10. Verify that the data is untarred correctly. Check the data directory for the:
- Untarred data permissions (might need a change to 774)
- Contents of data/sources.json
at the root of anno
- Contents of data/vcfanno_config.toml
at the root of anno
11. Start anno-service on TSD using the webUI located at p22-anno-01:9000
.
Updates to IGV tracks in ELLA
If any of the sources mentioned in the table below have been updated, the corresponding tracks in ELLA will need to be updated as well:
Data source | Filename |
---|---|
ClinVar | clinvar-current.vcf.gz |
HGMD | hgmd-current.vcf.gz |
gnomAD exomes | gnomad.exomes-current.vcf.gz |
gnomAD genomes | gnomad.genomes-current.vcf.gz |
To update one of these tracks, do the following (on example of the clinvar track):
- copy file from fresh anno update to ELLA tracks directory
cp /ess/p22/data/durable/production/anno/anno-prod/data/variantDBs/clinvar/clinvar_yyyymmdd.vcf.gz* /ess/p22/data/durable/production/ella/ella-(prod|staging)/data/igv-data/tracks
- update symlinks for
clinvar-current.vcf.gz
andclinvar-current.vcf.gz.tbi
with respective newer filesclinvar_yyyymmdd.vcf.gz(tbi)
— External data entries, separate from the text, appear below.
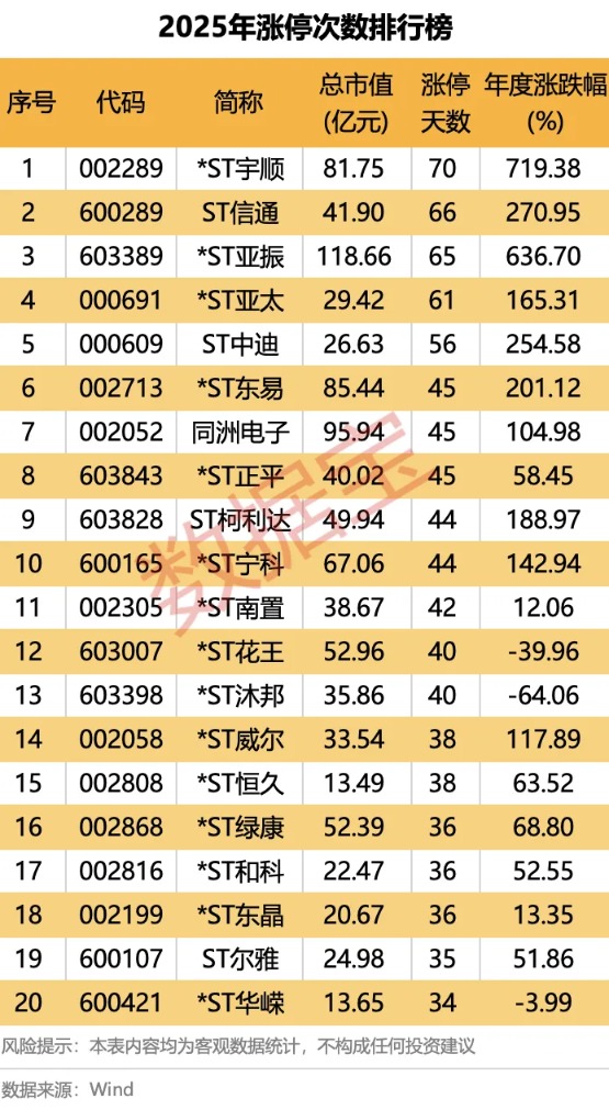 涨停方面,*ST宇顺、ST信通、*ST亚振、*ST亚太、ST中迪排名前五,全年涨停次数均在50次以上。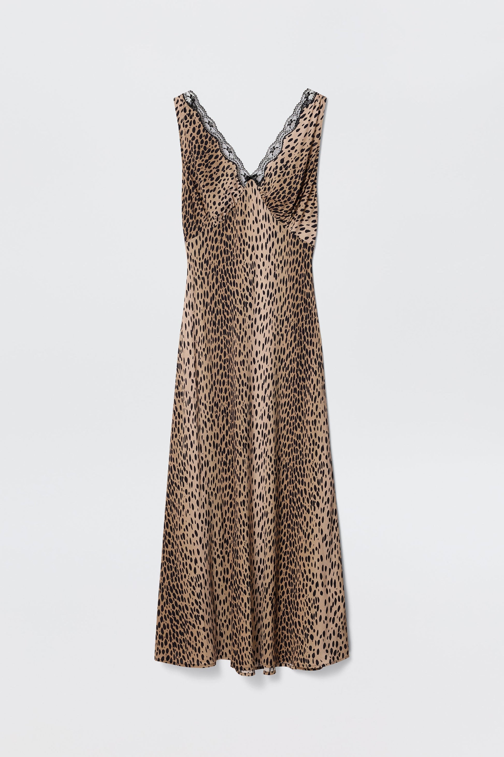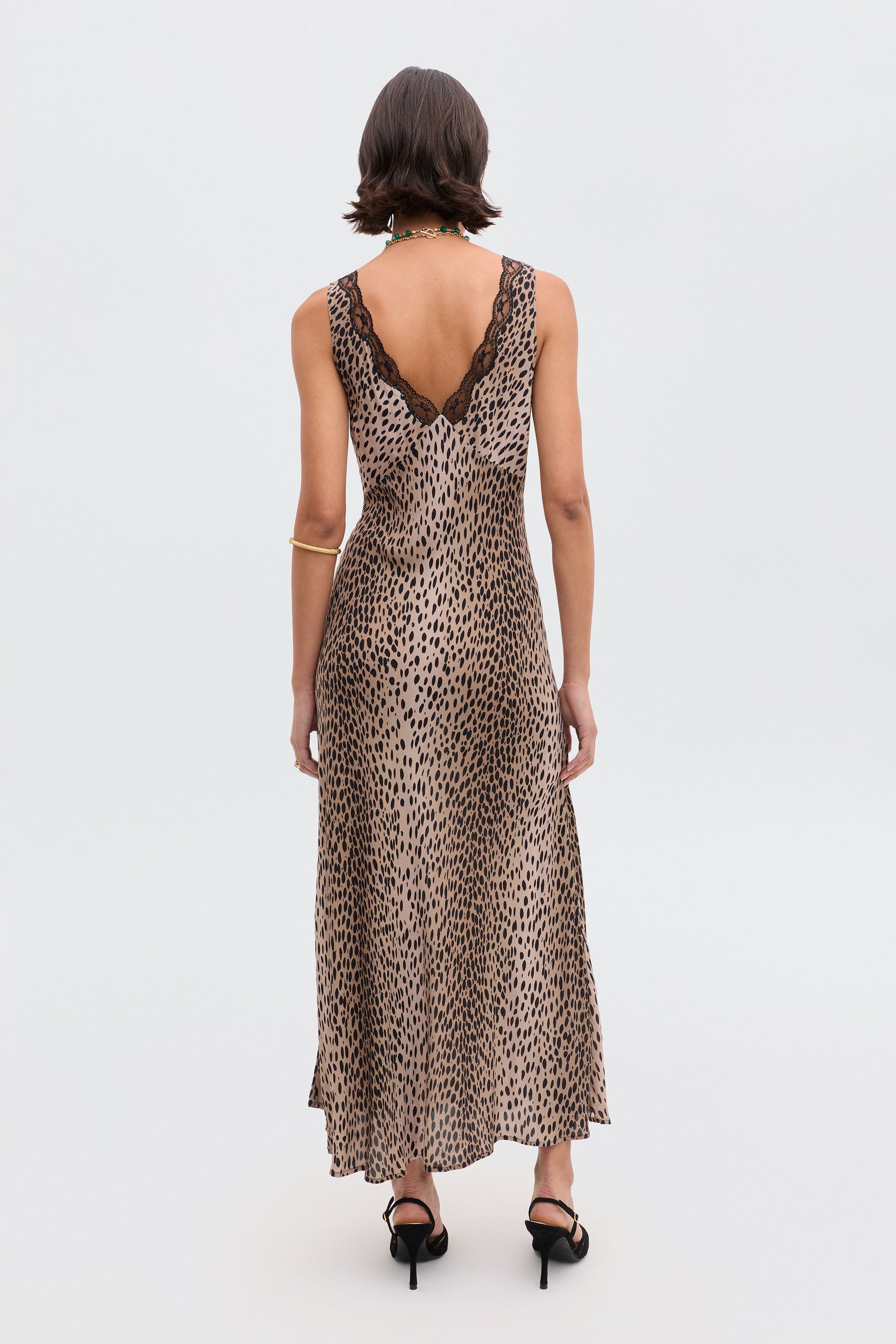Our Sandrine slip dress is perfect for so many occasions. A RIXO signature, it's cut on the bias for a body-skimming fit, with angled underbust seams and wide straps to conceal a bra. This one is made from animal-print crepe.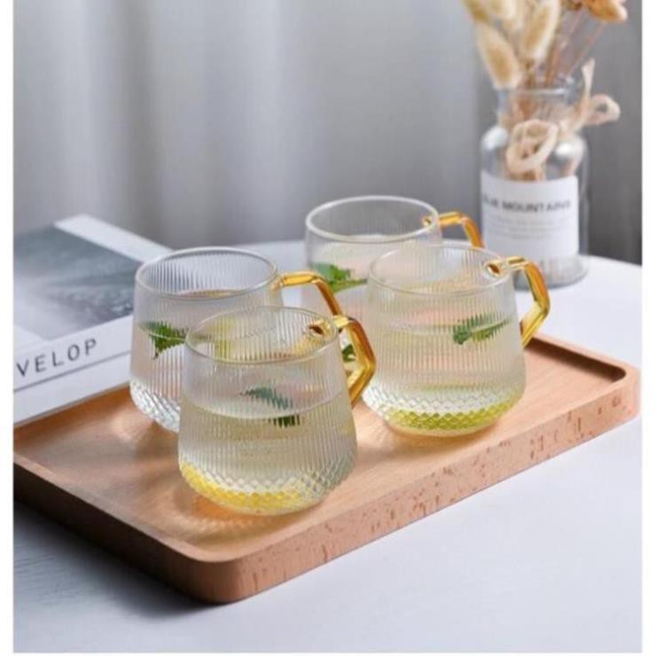 Nhà cửa & Đời sống > Bộ đồ bàn ăn > Bình nước & phụ kiện || Cốc thủy tinh quai vàng và bình thủy tinh chịu nhiệtCòn hàng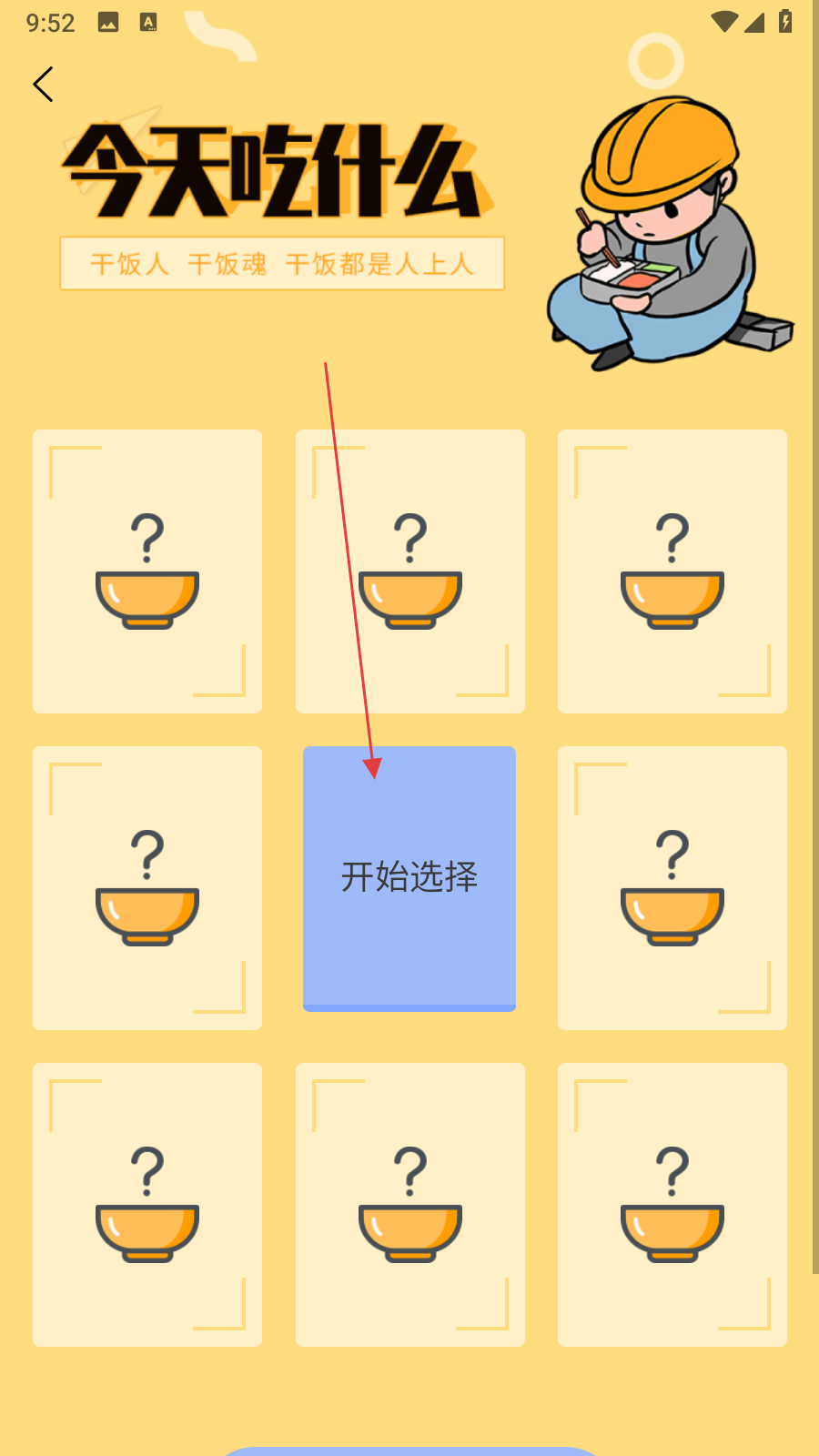 3、進(jìn)入餐品選擇界面,界面會(huì)展示多個(gè)帶問號(hào)的餐品選項(xiàng)框以及開始選擇按鈕。

- update the version of the track in ELLA using track config webUI:
- Navigate to
p22-app-01:9274
in a browser on TSD (e.g. Chromium) - Select an instance (staging or prod) - need to do this for both
- Click
Edit Config
button on top right of the view and choose Code inView
- Scroll down to find the track in question and update version in the
description
field - Tick
Write updated config
and click the button to save the new config
Minimal test
Make suree that you have done this test: as a minimal sanity check use ELLA-staging and try creating a re-analysis.
User announcement
Send the notification to the users about the contents of update.